KNAU commentator Scott Thybony has – for decades – pursued an interest in sacred places of the wider Four Corners region. And it was on a trek to a Buddhist meditation center in Colorado that he realized just how well Zen and mountains go together. In his latest Canyon Commentary, Thybony delves into the mystic with the story of Stone Woman … and the reason for snow.
Storm clouds surge above the highest summits as we move steadily upwards against a backdrop of cliffs and the rubble of cliffs. No one talks, and as we head beyond treeline I think about a stone woman. She appears in a chant we do twice a day, and I’m not sure if I’m supposed to be thinking about her. I’m not even sure I’m supposed to be thinking. The ten of us move deeper into the Sangre de Cristo Mountains of Colorado led by a Zen priest and a guide named Wolf.
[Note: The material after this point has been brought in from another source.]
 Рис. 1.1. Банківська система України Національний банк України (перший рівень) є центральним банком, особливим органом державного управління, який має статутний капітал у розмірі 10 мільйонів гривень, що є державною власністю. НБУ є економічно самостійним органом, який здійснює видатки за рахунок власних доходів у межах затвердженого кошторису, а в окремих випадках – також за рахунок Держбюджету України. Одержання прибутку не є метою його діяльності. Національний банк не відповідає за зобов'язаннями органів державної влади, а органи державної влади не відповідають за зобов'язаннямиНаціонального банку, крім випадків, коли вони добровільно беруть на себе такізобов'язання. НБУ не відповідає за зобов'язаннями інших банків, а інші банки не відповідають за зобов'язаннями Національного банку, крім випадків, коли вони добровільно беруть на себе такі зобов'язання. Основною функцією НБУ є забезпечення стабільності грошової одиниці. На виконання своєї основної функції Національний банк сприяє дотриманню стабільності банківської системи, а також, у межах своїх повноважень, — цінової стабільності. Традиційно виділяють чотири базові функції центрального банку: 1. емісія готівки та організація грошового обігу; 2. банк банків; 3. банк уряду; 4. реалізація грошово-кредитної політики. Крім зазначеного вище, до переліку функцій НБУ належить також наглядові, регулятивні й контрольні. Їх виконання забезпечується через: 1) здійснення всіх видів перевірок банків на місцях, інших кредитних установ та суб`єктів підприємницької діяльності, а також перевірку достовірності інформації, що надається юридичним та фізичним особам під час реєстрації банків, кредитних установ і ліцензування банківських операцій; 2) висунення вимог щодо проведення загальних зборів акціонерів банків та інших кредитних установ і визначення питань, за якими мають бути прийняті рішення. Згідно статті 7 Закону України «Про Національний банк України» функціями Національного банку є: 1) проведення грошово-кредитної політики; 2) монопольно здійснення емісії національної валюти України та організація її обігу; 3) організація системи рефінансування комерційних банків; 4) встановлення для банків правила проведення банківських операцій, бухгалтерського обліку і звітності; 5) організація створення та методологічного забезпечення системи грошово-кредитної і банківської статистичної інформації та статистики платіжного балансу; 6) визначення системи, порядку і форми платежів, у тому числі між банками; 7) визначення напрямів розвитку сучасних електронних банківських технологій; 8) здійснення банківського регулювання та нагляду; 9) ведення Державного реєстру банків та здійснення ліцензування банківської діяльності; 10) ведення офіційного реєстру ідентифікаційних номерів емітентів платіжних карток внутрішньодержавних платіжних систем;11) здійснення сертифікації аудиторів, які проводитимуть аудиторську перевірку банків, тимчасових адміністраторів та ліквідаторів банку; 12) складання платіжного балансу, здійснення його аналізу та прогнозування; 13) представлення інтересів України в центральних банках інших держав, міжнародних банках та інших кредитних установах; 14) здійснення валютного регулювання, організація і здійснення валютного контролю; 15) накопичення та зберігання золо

For me, Zen and mountains have always gone together. So when a chance came to accompany a group from the Crestone Mountain Zen Center on a five-day-trek, I took it. Being the only non-Buddhist I’ve had some catching up to do, which has meant hours of sitting in the dark under layers of wet clothes and wetter boots, trying to meditate.
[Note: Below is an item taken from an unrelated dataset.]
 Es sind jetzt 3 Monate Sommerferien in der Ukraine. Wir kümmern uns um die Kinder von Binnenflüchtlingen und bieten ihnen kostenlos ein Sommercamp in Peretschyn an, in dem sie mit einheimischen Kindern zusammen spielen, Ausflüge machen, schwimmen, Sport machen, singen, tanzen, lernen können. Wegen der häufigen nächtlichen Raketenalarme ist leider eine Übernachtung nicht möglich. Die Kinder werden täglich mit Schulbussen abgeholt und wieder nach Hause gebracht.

We make the final push to a pass topping out at almost 12,500 feet. The head of the Zen center stands facing a spine of peaks running far to the south. He goes by his Buddhist name, Zenki, “Or, you can call me Christian,” he said when we first met. A scrim of snow extends below the cloud-hidden summits, and after a long moment he says, “There’s a reason for the snow”.
Those near him, mostly in their 20s and 30s, wait expectantly for whatever revelation might follow. He keeps silent until someone finally asks, “What’s the reason?”
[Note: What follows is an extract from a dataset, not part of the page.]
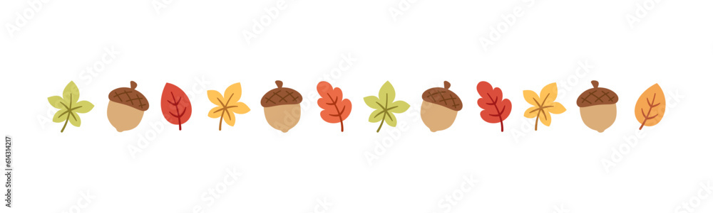 Autumn leaves and acorn separator border for Fall and Thanksgiving season. Vector isolated on white background. #614314217

He answers simply, “Because it’s cold.”
Groans follow, and a woman says, “He’s good at demystifying things.” The heavy packs we’ve carried at a fast pace on steep, high-elevation trails have also done their part to demystify the experience. On the other hand, the Sutra of Mountains and Waters keeps me guessing. We chant it each morning, and one passage in particular stays with me:
The blue mountains are always walking.
The stone woman gives birth to a child at night.
After leaving the pass our group descends to an alpine lake, where we set up camp in a grove of spruce. As evening thickens the storm clouds return, and we gather to meditate, layered in down and fleece and rain gear. Grauple pelts the tarps, and a shift of wind carries the rain inside. Wolf sits as solid as a Buddha statue with his back true and legs tucked into the proper knot. Next to him, I keep shifting in a futile effort to find a comfortable position until the bell rings and movement ceases.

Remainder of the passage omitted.